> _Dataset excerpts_
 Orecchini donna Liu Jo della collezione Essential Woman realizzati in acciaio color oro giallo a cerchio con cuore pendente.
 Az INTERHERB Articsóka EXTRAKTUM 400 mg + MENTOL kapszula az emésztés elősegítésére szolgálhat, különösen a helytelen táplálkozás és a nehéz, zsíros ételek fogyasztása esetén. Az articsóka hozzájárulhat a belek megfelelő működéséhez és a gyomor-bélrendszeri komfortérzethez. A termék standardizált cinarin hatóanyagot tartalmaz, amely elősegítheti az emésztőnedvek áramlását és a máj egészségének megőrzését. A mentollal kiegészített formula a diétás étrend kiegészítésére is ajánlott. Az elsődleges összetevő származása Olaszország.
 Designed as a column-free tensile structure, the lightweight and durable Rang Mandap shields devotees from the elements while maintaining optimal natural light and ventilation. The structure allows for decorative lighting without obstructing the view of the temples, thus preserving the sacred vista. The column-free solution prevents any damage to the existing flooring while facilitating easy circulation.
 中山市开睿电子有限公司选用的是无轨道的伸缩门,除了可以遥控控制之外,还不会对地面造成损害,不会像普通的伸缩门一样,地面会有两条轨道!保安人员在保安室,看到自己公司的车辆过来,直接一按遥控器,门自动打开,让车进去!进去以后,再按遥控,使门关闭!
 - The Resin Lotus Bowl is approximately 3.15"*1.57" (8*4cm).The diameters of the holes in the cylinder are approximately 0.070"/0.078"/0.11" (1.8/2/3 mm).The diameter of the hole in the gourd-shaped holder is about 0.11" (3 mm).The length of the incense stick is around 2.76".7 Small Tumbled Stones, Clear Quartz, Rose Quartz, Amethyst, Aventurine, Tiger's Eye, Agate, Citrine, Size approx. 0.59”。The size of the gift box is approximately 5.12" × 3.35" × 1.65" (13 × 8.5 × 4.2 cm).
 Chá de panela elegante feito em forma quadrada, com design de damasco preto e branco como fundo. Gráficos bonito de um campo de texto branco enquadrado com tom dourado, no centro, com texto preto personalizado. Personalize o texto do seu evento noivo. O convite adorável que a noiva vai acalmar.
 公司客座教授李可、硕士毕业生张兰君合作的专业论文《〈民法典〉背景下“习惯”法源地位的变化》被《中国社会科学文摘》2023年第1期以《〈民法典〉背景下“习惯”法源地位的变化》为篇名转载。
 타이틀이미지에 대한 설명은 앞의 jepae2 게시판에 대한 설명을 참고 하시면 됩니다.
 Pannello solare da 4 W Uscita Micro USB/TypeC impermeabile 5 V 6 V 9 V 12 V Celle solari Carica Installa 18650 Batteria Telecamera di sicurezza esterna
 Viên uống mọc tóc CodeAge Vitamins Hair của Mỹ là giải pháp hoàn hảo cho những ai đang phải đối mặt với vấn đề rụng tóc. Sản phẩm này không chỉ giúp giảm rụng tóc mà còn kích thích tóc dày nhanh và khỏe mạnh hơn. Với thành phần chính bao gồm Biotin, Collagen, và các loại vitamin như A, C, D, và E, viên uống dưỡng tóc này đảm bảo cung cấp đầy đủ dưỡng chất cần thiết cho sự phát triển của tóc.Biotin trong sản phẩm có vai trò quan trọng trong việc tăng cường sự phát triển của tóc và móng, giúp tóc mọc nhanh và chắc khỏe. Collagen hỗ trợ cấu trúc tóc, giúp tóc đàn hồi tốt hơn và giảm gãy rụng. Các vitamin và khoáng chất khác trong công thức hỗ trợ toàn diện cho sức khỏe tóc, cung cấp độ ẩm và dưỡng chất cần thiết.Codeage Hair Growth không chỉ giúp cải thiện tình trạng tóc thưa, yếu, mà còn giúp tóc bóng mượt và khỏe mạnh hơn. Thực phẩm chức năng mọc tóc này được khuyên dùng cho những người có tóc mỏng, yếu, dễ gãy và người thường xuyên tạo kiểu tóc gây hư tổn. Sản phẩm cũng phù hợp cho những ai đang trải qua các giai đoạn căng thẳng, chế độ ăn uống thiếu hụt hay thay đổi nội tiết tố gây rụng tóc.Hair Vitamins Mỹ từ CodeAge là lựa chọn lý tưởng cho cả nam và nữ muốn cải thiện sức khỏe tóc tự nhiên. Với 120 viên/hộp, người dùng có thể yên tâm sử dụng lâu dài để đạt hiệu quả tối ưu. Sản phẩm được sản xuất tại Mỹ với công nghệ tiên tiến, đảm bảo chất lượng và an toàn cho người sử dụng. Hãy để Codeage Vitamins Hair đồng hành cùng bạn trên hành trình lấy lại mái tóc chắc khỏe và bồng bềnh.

> _Work to be completed_
Set down all of the entries again, keeping every line exactly as it is.

> _Answer to this exercise_
 Orecchini donna Liu Jo della collezione Essential Woman realizzati in acciaio color oro giallo a cerchio con cuore pendente.
 Az INTERHERB Articsóka EXTRAKTUM 400 mg + MENTOL kapszula az emésztés elősegítésére szolgálhat, különösen a helytelen táplálkozás és a nehéz, zsíros ételek fogyasztása esetén. Az articsóka hozzájárulhat a belek megfelelő működéséhez és a gyomor-bélrendszeri komfortérzethez. A termék standardizált cinarin hatóanyagot tartalmaz, amely elősegítheti az emésztőnedvek áramlását és a máj egészségének megőrzését. A mentollal kiegészített formula a diétás étrend kiegészítésére is ajánlott. Az elsődleges összetevő származása Olaszország.
 Designed as a column-free tensile structure, the lightweight and durable Rang Mandap shields devotees from the elements while maintaining optimal natural light and ventilation. The structure allows for decorative lighting without obstructing the view of the temples, thus preserving the sacred vista. The column-free solution prevents any damage to the existing flooring while facilitating easy circulation.
 中山市开睿电子有限公司选用的是无轨道的伸缩门,除了可以遥控控制之外,还不会对地面造成损害,不会像普通的伸缩门一样,地面会有两条轨道!保安人员在保安室,看到自己公司的车辆过来,直接一按遥控器,门自动打开,让车进去!进去以后,再按遥控,使门关闭!
 - The Resin Lotus Bowl is approximately 3.15"*1.57" (8*4cm).The diameters of the holes in the cylinder are approximately 0.070"/0.078"/0.11" (1.8/2/3 mm).The diameter of the hole in the gourd-shaped holder is about 0.11" (3 mm).The length of the incense stick is around 2.76".7 Small Tumbled Stones, Clear Quartz, Rose Quartz, Amethyst, Aventurine, Tiger's Eye, Agate, Citrine, Size approx. 0.59”。The size of the gift box is approximately 5.12" × 3.35" × 1.65" (13 × 8.5 × 4.2 cm).
 Chá de panela elegante feito em forma quadrada, com design de damasco preto e branco como fundo. Gráficos bonito de um campo de texto branco enquadrado com tom dourado, no centro, com texto preto personalizado. Personalize o texto do seu evento noivo. O convite adorável que a noiva vai acalmar.
 公司客座教授李可、硕士毕业生张兰君合作的专业论文《〈民法典〉背景下“习惯”法源地位的变化》被《中国社会科学文摘》2023年第1期以《〈民法典〉背景下“习惯”法源地位的变化》为篇名转载。
 타이틀이미지에 대한 설명은 앞의 jepae2 게시판에 대한 설명을 참고 하시면 됩니다.
 Pannello solare da 4 W Uscita Micro USB/TypeC impermeabile 5 V 6 V 9 V 12 V Celle solari Carica Installa 18650 Batteria Telecamera di sicurezza esterna
 Viên uống mọc tóc CodeAge Vitamins Hair của Mỹ là giải pháp hoàn hảo cho những ai đang phải đối mặt với vấn đề rụng tóc. Sản phẩm này không chỉ giúp giảm rụng tóc mà còn kích thích tóc dày nhanh và khỏe mạnh hơn. Với thành phần chính bao gồm Biotin, Collagen, và các loại vitamin như A, C, D, và E, viên uống dưỡng tóc này đảm bảo cung cấp đầy đủ dưỡng chất cần thiết cho sự phát triển của tóc.Biotin trong sản phẩm có vai trò quan trọng trong việc tăng cường sự phát triển của tóc và móng, giúp tóc mọc nhanh và chắc khỏe. Collagen hỗ trợ cấu trúc tóc, giúp tóc đàn hồi tốt hơn và giảm gãy rụng. Các vitamin và khoáng chất khác trong công thức hỗ trợ toàn diện cho sức khỏe tóc, cung cấp độ ẩm và dưỡng chất cần thiết.Codeage Hair Growth không chỉ giúp cải thiện tình trạng tóc thưa, yếu, mà còn giúp tóc bóng mượt và khỏe mạnh hơn. Thực phẩm chức năng mọc tóc này được khuyên dùng cho những người có tóc mỏng, yếu, dễ gãy và người thường xuyên tạo kiểu tóc gây hư tổn. Sản phẩm cũng phù hợp cho những ai đang trải qua các giai đoạn căng thẳng, chế độ ăn uống thiếu hụt hay thay đổi nội tiết tố gây rụng tóc.Hair Vitamins Mỹ từ CodeAge là lựa chọn lý tưởng cho cả nam và nữ muốn cải thiện sức khỏe tóc tự nhiên. Với 120 viên/hộp, người dùng có thể yên tâm sử dụng lâu dài để đạt hiệu quả tối ưu. Sản phẩm được sản xuất tại Mỹ với công nghệ tiên tiến, đảm bảo chất lượng và an toàn cho người sử dụng. Hãy để Codeage Vitamins Hair đồng hành cùng bạn trên hành trình lấy lại mái tóc chắc khỏe và bồng bềnh.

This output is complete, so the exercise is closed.